Show all headers | View raw


On 2025-04-11, Aharon Robbins <arnold@freefriends.org> wrote:
> In article <vt9dre$3t3po$1@dont-email.me>,
> Janis Papanagnou  <janis_papanagnou+ng@hotmail.com> wrote:
>>The feature can be very useful,
>>but not for the case I was looking for. - Actually, it could have
>>provided the functionality I was seeking, but since GNU Awk relies
>>on the GNU regexp functions as they are implemented I cannot expect
>>that any provided features gets extended by Awk. - If GNU Awk would
>>have an own RE implementation then we could think about using, e.g.,
>>another array dimension to store the (now only temporary existing,
>>and generally unavailable) subexpressions.
>
> Actually, this is not so trivial.  The data structures at the C level
> as mandated by POSIX are one dimensional; the submatches in parentheses
> are counted from left to right. There's no way to represent the
> subexpressions that are under control of interval expressions, which
> would essentially require a two-dimensional data structure.
>
> Mike Haertel is writing a new regexp matcher for gawk; it was announced
> here some time agao: https://github.com/mikehaertel/minrx. The code is
> in the feature/minrx branch of the gawk Git repository.
>
> I just opened an issue, https://github.com/mikehaertel/minrx/issues/43,
> about this question. We shall see what develops.
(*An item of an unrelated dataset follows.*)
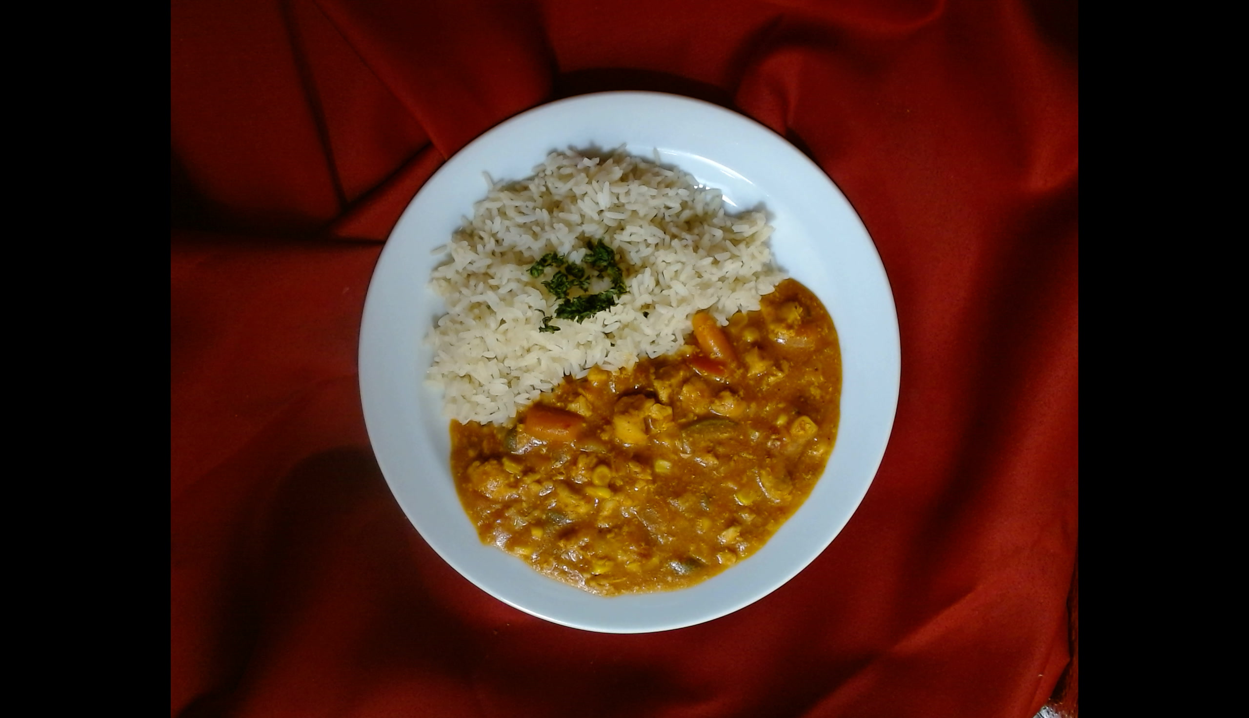 Kuřecí maso v omáčce s ajvarem, dušená rýže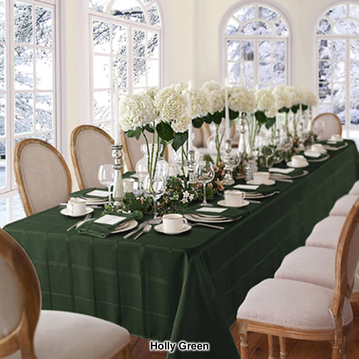 The Elrene Elegance plaid tablecloth features a gorgeous allover plaid pattern. It is easy to care for and is stain and water resistant.

Unix and POSIX regular expressions have perpetrated a kind of
misfeature.  They took the purely algebraic parentheses described in
classic literature on regular expressions, whose only role is to
override the precedence and associativity of operators, and turned them
into active operators that perform a double duty: they still override
precedence, but also denote submatches associated with capture
registers.

Parentheses are enumerated and made to correspond with numbered capture
registers, I think, as follows:

 ( ( ) ( ( ) ) )
 1 2   3 4

Scanning left to right, we identify the open left parentheses
which have matching closing parentheses, and number these in order
starting from 1.

There is a convention that capture register 0 is reserved for
the full match for the expression. This is how it is with 
the array reported by POSIX's regexec. Thus the numbering is
one based.

The POSIX standard clearly says what happens when a parenthesized
subexpression matches something more than once.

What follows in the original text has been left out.